Jasa Armada Siap Layani Pandu Tunda TUKS Petrochina Marine Terminal

Jasa Armada Siap Layani Pandu Tunda TUKS Petrochina Marine Terminal
Ilustrasi pelabuhan laut. ( Foto: Antara )
Devie Kania / WBP Jumat, 19 Januari 2018 | 20:14 WIB

Jakarta – PT Jasa Armada Indonesia Tbk (IPCM) menggandeng Petro China International Jabung Ltd untuk kerja sama operasi pelayanan pemanduan dan penundaan kapal di wilayah perairan pandu luar biasa TUKS Petro China Marine Terminal, Tanjung Jabung, Jambi.
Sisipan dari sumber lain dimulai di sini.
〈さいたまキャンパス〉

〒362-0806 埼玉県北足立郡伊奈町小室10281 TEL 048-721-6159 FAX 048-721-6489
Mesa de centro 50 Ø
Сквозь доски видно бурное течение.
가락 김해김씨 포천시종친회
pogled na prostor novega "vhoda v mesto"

Dengan kerja sama tersebut, diharapkan dapat meningkatkan pangsa pasar Jasa Armada Indonesia di layanan pandu dan tunda.

Direktur Utama Jasa Armada Indonesia (JAI) Dawam Atmosudiro menyatakan, sebagai perusahaan jasa pemanduan dan penundaan kapal, captive market perseroan adalah 12 pelabuhan yang dikelola induknya, yakni PT Pelabuhan Indonesia (Pelindo) II. Oleh sebab itu, pendanandatanganan kerja sama antara JAI dan Petro China International Jabung Ltd merupakan salah satu keberhasilan dan momentum yang dapat membantu pengembangan bisnis emiten berkode IPCM ini.

“Dengan kerja sama yang baru disepakati, Jasa Armada Indonesia berpeluang melebarkan sayap ke pangsa pasar yang baru, yaitu kegiatan ship-to-ship di luar captive market yang sudah dilayani,” ujar Dawam dalam keterangan resmi di Jakarta, Jumat (19/1)
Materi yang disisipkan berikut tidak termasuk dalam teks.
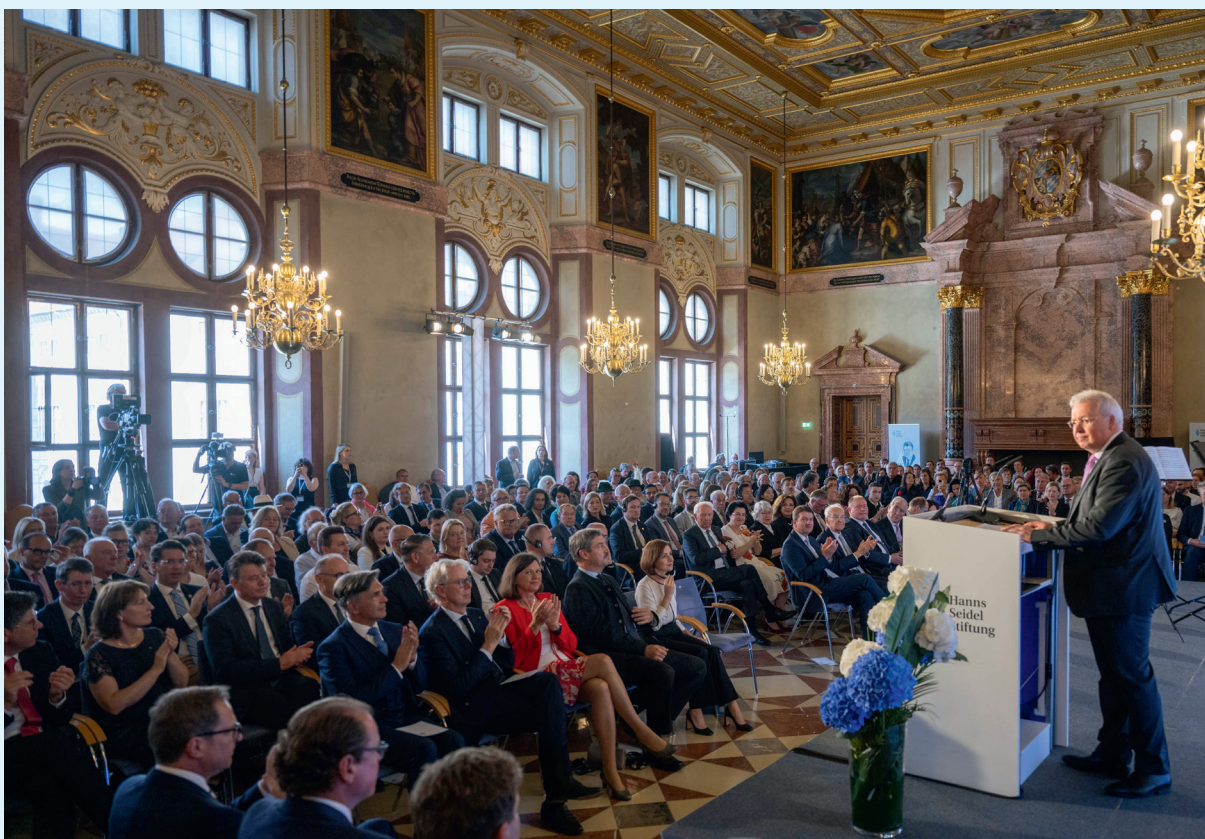
HSS-Vorsitzender Markus Ferber, MdEP, lobte Maia Sandus Engagement für die Demokratie.

Selain mendapat manfaat penambahan bisnis, ia menuturkan, pada saat yang sama JAI dapat membantu Petro China International Jabung Ltd untuk lebih efisien. Sehingga pada saat yang sama, pemerintah secara akumulatif akan memetik manfaat dari hasil kerja sama antara Petro China International Jabung Ltd dan JAI.

Adapun sebelumnya JAI merupakan salah satu divisi di Pelindo II, yang beroperasi sejak tahun 1960. Namun pada 2013, divisi tersebut memisahkan diri (spin off) dan Jasa Armada Indonesia mulai beroperasi pada 2014.

Pada 22 Desember 2017, JAI resmi mencatatkan (listing) saham di Bursa Efek Indonesia (BEI) usai merampungkan penawaran umum perdana (initial public offering/IPO). Saat IPO, JAI memperoleh dana sebesar Rp 461,89 miliar dan porsi kepemilikan publik terhadap emiten ini mencapai 23 persen.